One of my favorite things about writing here is that no one really knows this blog exists. It lends it the flavor of a personal diary. It feels quiet and safe. And that - at least in this moment in time - that feels very welcome. It allows me to practice writing again after so long away. It allows me to tune in with my heart and soul with zero concerns about what the reaction might be.

With all the noise and unhinged world events, I want to create a space that feels safe and supportive to everyone. So I’ll be quietly practicing here until it feels time to get bigger.

Here’s how my quiet corner of the world feels today:

It feels soft, yet expansive.
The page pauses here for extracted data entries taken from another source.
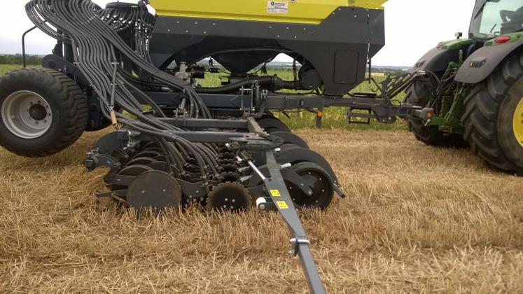 Un disque de plus grand diamètre (435 mm), incliné de 1,5° et formant une ouverture de 3,5° pour nettoyer le fond du sillon, réduisant la puissance consommée et minimisant le bouleversement entre les lignes de semis, muni d’une rasette monobloc moulée étroite pour passer dans les débris végétaux, a été installé. Une double descente de semis permettant un réglage de deux profondeurs de semis si besoin sur la même ligne (ex : féverole à 5 cm et colza à 1 cm) a aussi été ajoutée. Le tout est monté sur un balancier équipé à l’avant d’une roue à bandage caoutchouc de contrôle du terrage, supportant deux éléments de semis en se terminant par deux roues plombeuses en acier. La pression sur l’élément est ajustable jusqu’à 250 kg par disque et le transfert de charge hydraulique permet de déplacer la pression entre l’avant et l’arrière, selon les conditions climatiques.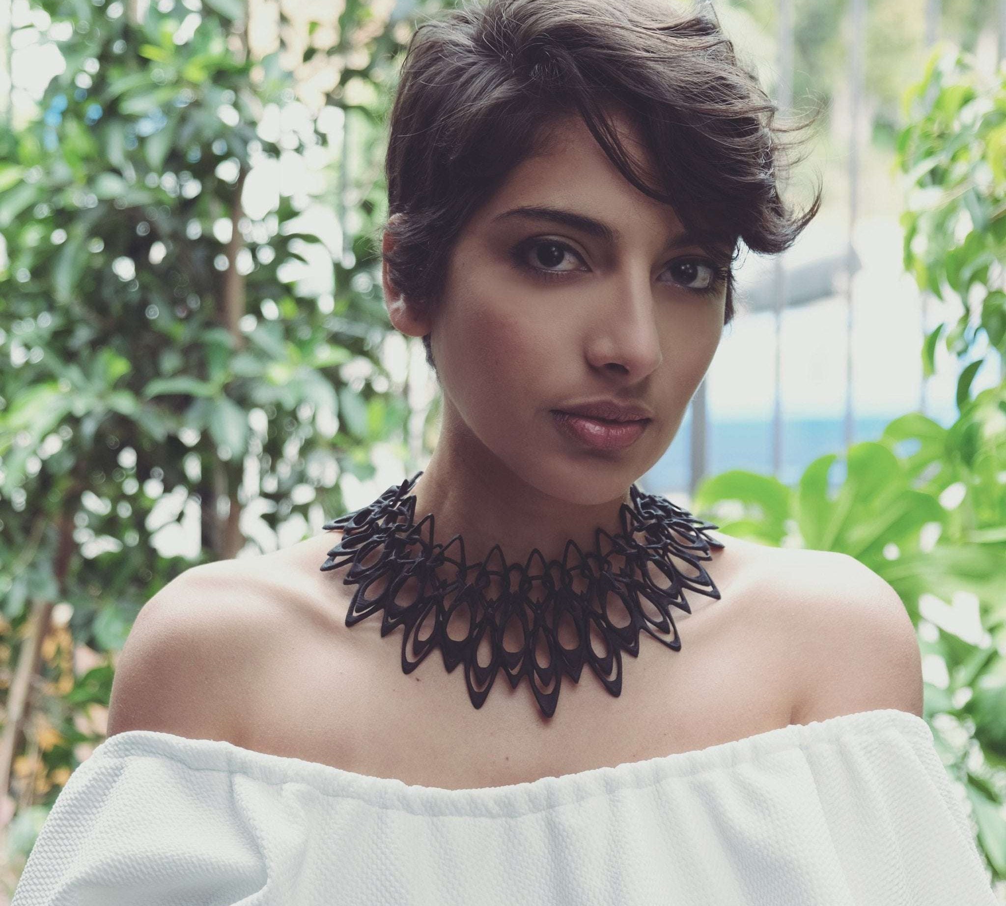 Bold, contemporary designs as unique as you are. The LACE necklaces feature innovative interlocking patterns, 3D printed layer by layer in one seamless piece from bottom to top. Designed to be lightweight and full of personality, these necklaces make a lasting impression while ensuring both comfort and style. Embrace the next evolution in jewelry with our expertly crafted 3D-printed necklaces for women.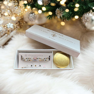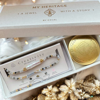 Diese wunderschönen Armbänder kommen in der abgebildeten Geschenkverpackung mit einer Messingdose, um das Armband aufzubewahren, und einem kleinen Handbuch, in dem die Kräfte der Steine erläutert werden. My Heritage Kollektion

California sun is streaming in the windows (I’m not complaining about the fact that it feels like spring, but it does worry me just a hair) and my nervous system feels relaxed because I’ve been supporting it like nobody’s business. We’re all walking around in a trauma echo chamber, so supporting your body and boundaries becomes a must instead of a maybe.

I’m drinking my winter support tea in front of the fire. Not to brag, but it seems to be doing its job. I’m still wearing real clothes, but my cozy slippers are on and I’m huddled under my noise-canceling headphones even though I’m the only one in the house except for the cats.

So much feels like it’s ready to shift* and I’m doing my utmost to help it shift for the better.

*Though I would like it noted that when I said I wanted a timeline shift, I didn’t mean back to T*ump.

How am I doing that, you might ask. I SHALL TELL YOU. By staying in the god zone (isn’t that a great phrase?), ruthlessly curating my thoughts and beliefs, breathing through any stickiness or fear that pops up in my chest, and planning as many lovely real world activities like rollerskating and time with family and friends as I can.

Take care of yourselves, my friends. It’s the best place to start when it feels like the world is in turmoil.